Earlier, the SA Transport and Allied Workers' Union (Satawu) said over 20 000 employees in the road freight sector were on strike over their pay increase on Tuesday.

Employees in the road freight sector - which includes truck drivers - were demanding a 12% increase. Their employers had offered 8.5%.

Satawu said the strike came about when wage negotiations deadlocked after protracted discussions since early June at the National Bargaining Council for the Road Freight and Logistics Industry (NBCRFLI).

Satawu spokesperson Vincent Masoga said no marches were planned for Tuesday, but that workers would gather at Beyers Naude Gardens, opposite the Johannesburg Library, for news.

Notice was given for a strike from Monday, but the effects were not immediately visible because it was a public holiday.

Intimidation

Minnaar said traffic was being diverted from Simmonds Street and Pritchard Street as well as at the intersection of Harrison and Pritchard streets and President and Sauer streets.

Durban metro police said road freight sector employees were believed to have intimidated a driver on Richmond Road in Pinetown.

"There were about 150 protesters who were intimidating transport workers," Eugene Msomi said.

"A truck driver claimed that the protesters stopped his vehicle and took his keys."

Msomi said that earlier the protesters gathered on Richmond Road but had since moved to Kings Road in Pinetown.

It was not clear which companies the protesters in Durban worked for.

Satawu, a Congress of SA Trade Unions affiliate, is the biggest union in the four-union strike, with an estimated 28 000 members in the road freight sector, said Masoga.

Members ranged from drivers delivering fuel to workers associated with a truck network which travelled around the country or crossed borders into neighbouring countries for other deliveries.

The other unions are the Transport and Allied Workers' Union, the Professional Transport and Allied Workers' Union SA and the Motor Transport Workers' Union.

The Road Freight Association, which represents employers, told its members on its website: "Although unions are consulting members on the proposal, the strike notice stands, so employees can strike..."
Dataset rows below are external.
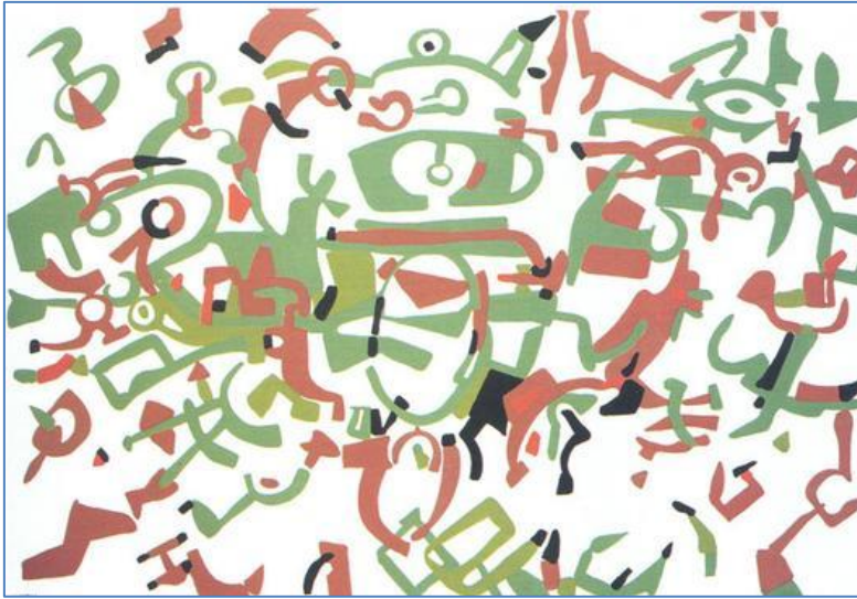
Carla Accardi. Frammenti (1954)

Tuttavia, nella pratica abituale, quando si tratta di enti della geometria elementare, si usano ordinariamente dei disegni, che ci richiamano le immagini da cui i concetti sono stati formati. A questo proposito ricordiamo ancora una volta che non le immagini, e meno ancora i disegni, sono in grado di fondare una deduzione valida, ma soltanto i concetti rigorosamente definiti. Ci si potrebbe quindi
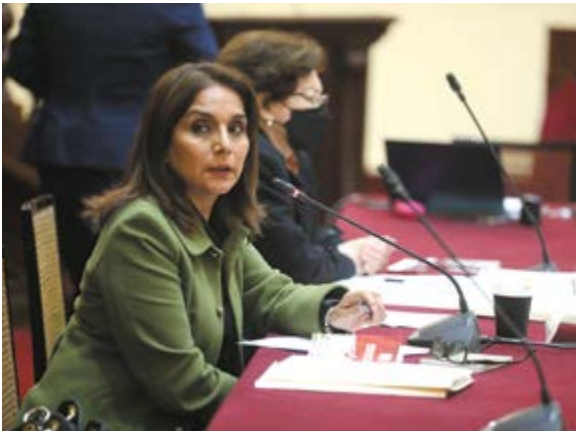
Congresista Patricia Juárez, presidenta de la Comisión de Constitución

de marzo de este año y concluye, el 15 junio. COMPOSICION DEL FUTURO CONGRESO La Cámara de Diputados estará integrado por 130 representantes que tendrán un rol más político.
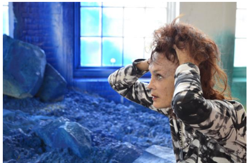
Linda Troeller
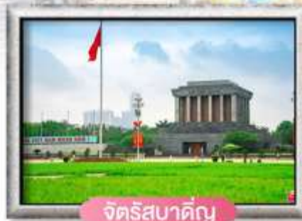
จัตุรัสบาตัญญู
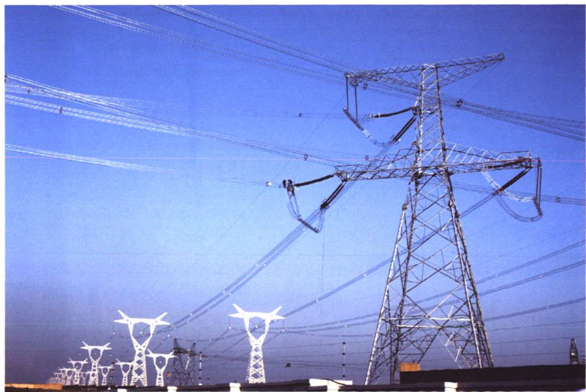
750 千伏线路巍峨耸立的铁塔
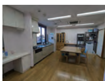
③ 日常生活動作 (ADL・IADL)
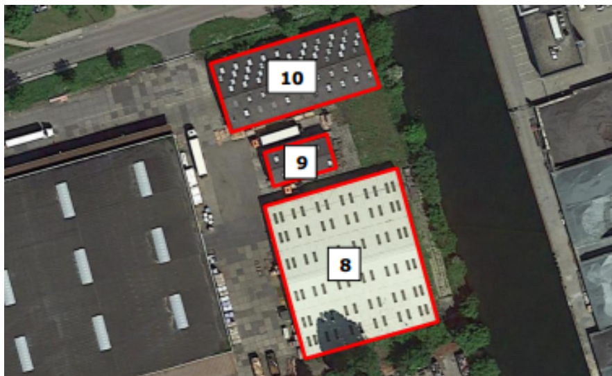
Figuur 2: Locaties van de te slopen loodsen aan de Duurstedeweg 2 te Deventer.

Het aangevraagde project omhelst het slopen van 3 loodsen aan de Duurstedeweg 2 te Deventer (Figuur 2).
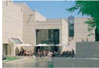
معروض الرسومات واللوحات القديمة

فان غوخ ومونيت وفون شيبينغ. ورغم اختلاف وتنوع هؤلاء الفنانين إلا أن كل عمل من أعمالهم يمثل حقبة فنية في القرن التاسع عشر. اجتمعت جميع أعمالهم تحت قبة معروض الرسومات واللوحات القديمة. إنها فرصة لا تعوض لعاشقي الفن الرائع والأصيل.
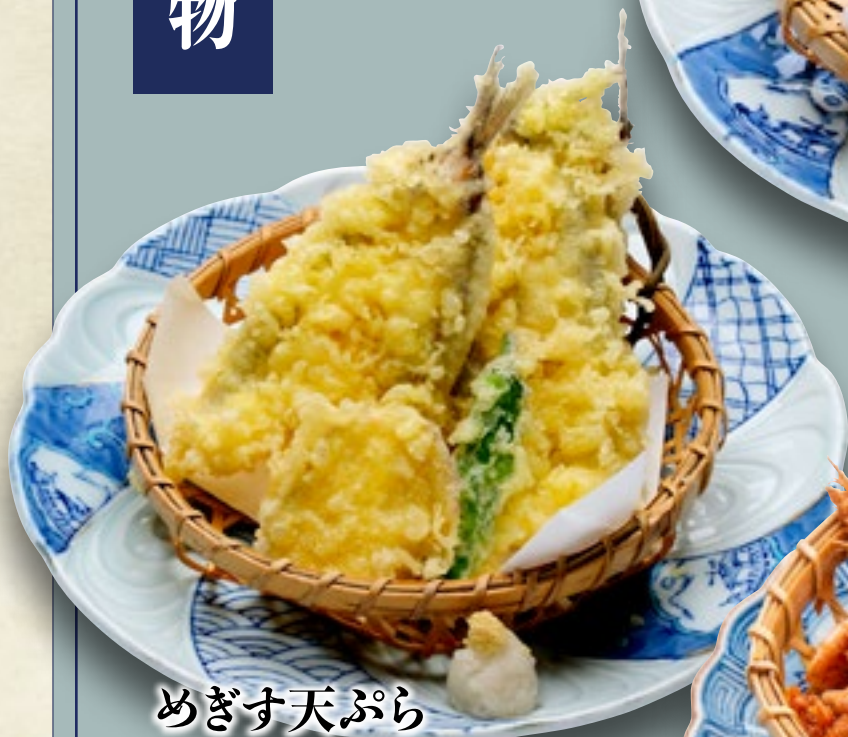
めぎす天ぷら 680円(税込748円)
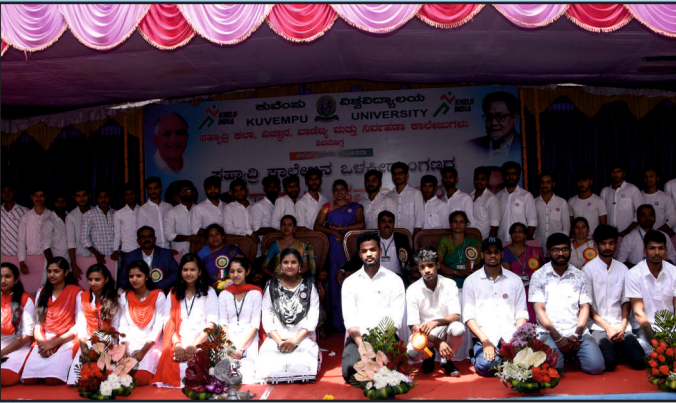
ಶಿಲಾನ್ಯಾಸ ಸಮಾರಂಭದಲ್ಲಿ ಕಾಲೇಜು ವಿದ್ಯಾರ್ಥಿಗಳು
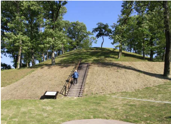
図 107 墳丘復元
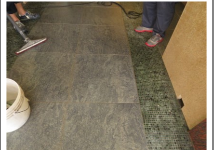
2. 防滑前にバキュームして乾燥
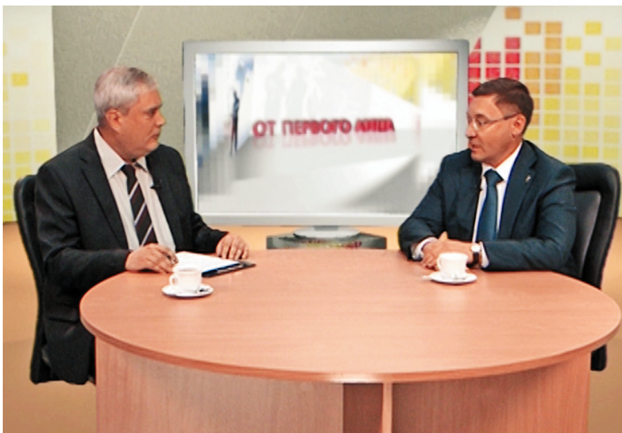
Программа «От первого лица» на телеканале «Стелла» (г. Ялуторовск и Ялуторовский район), с губернатором Тюменской области В.В. Якушевым беседует ведущий программы О. Олейниченко
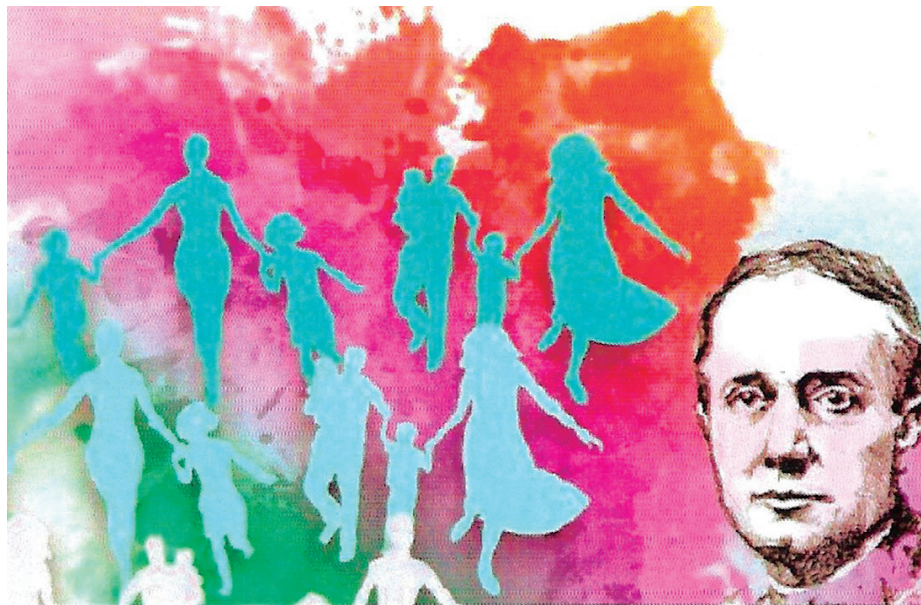
Mural amb el rostre de Sant Pere Poveda.

La Institució Teresiana és una Associació Internacional de laics,

Masoga said the parties in the bargaining council were expected to meet at the Commission for Conciliation, Mediation and Arbitration at 15:00 on Tuesday for further negotiations.

Satawu said the unions were aiming for an inflation-related wage settlement of 12% across the board, for implementation in 2013 and 2014.

They also wanted an equal increase for workers classified under the council's extended bargaining unit.